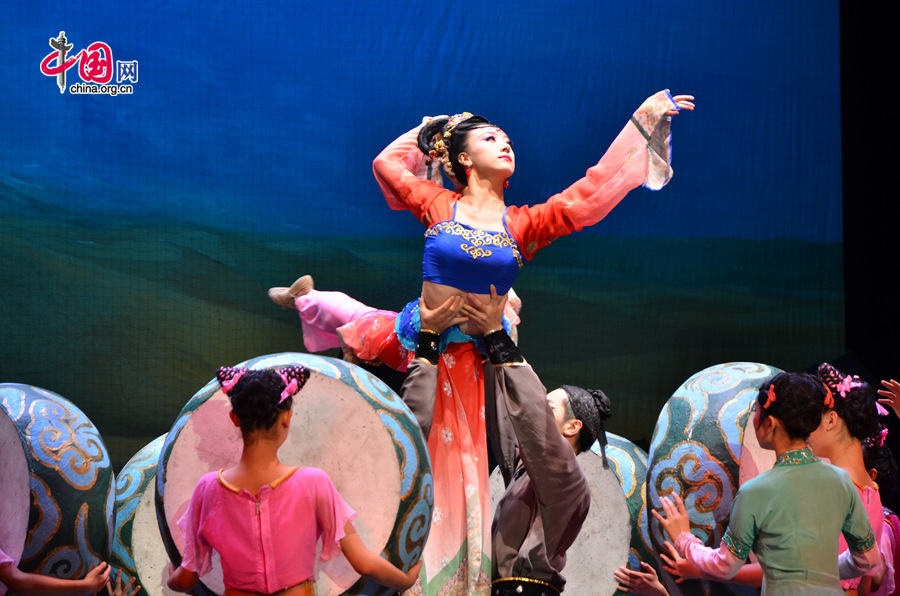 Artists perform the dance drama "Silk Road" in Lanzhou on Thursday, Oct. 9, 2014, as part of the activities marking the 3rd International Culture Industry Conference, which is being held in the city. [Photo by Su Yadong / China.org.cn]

==

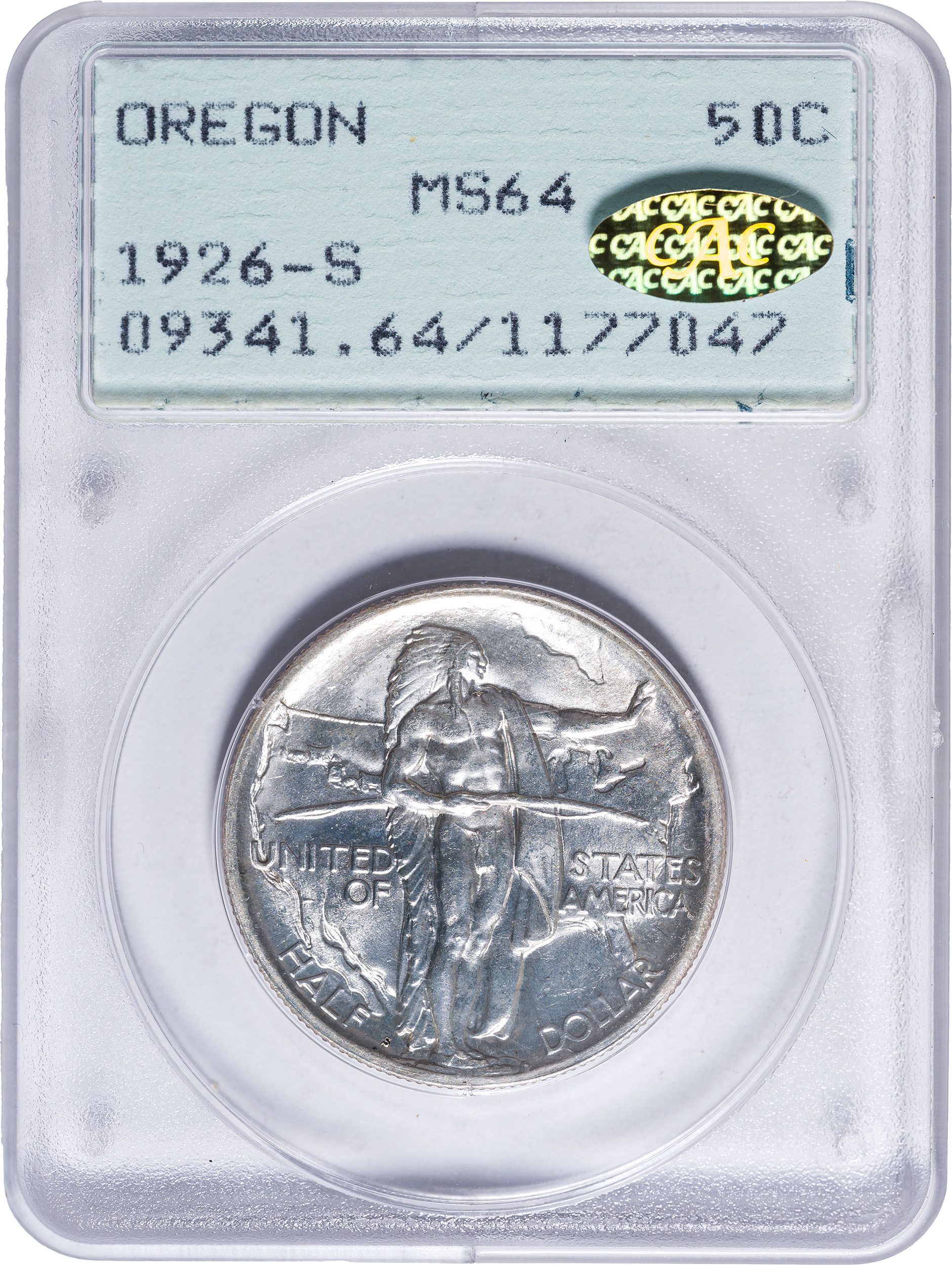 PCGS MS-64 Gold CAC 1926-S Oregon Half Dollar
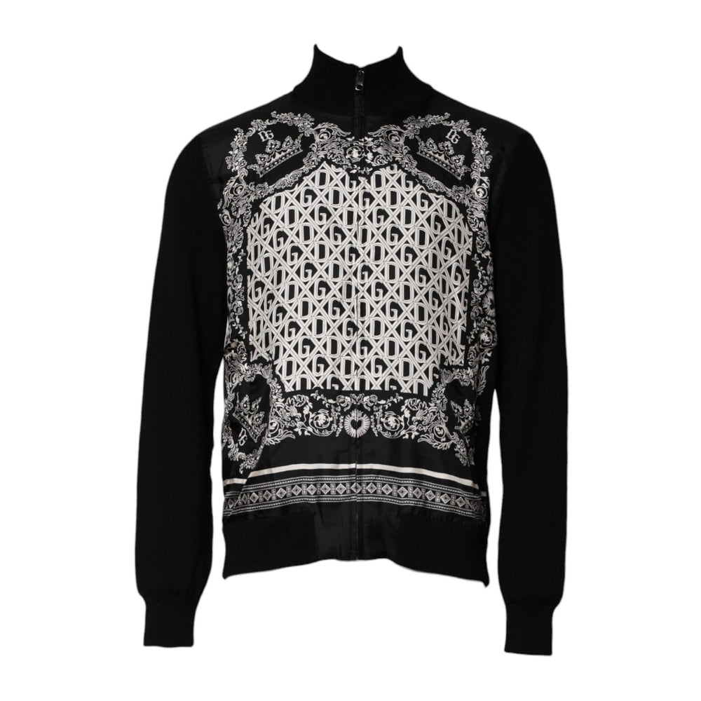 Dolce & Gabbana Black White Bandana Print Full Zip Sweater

--

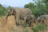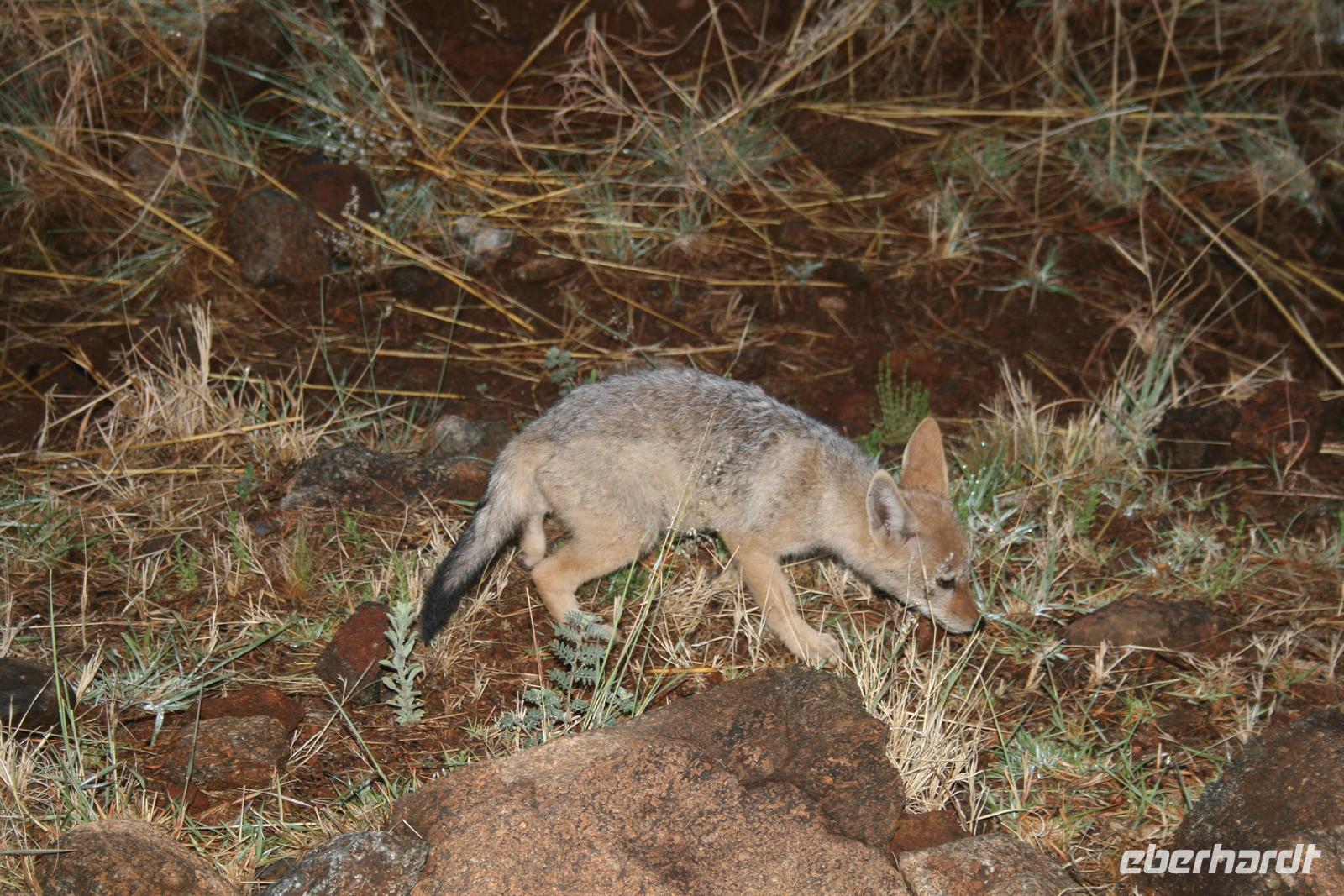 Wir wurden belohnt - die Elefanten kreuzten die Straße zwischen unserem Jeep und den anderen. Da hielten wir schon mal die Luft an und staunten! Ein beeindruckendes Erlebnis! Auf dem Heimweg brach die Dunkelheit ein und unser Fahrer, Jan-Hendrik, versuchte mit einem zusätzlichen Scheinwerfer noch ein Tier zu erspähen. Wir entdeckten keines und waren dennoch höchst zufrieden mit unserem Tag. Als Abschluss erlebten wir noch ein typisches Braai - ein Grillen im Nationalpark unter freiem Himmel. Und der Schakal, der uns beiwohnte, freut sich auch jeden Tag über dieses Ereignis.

● Action item:
Where a picture appears in the records above, omit it, and transcribe exactly the stretch of lines from the one with "PCGS MS-64 Gold" through the one with "Dolce & Gabbana".

● Solution to the exercise:
 PCGS MS-64 Gold CAC 1926-S Oregon Half Dollar
 Dolce & Gabbana Black White Bandana Print Full Zip Sweater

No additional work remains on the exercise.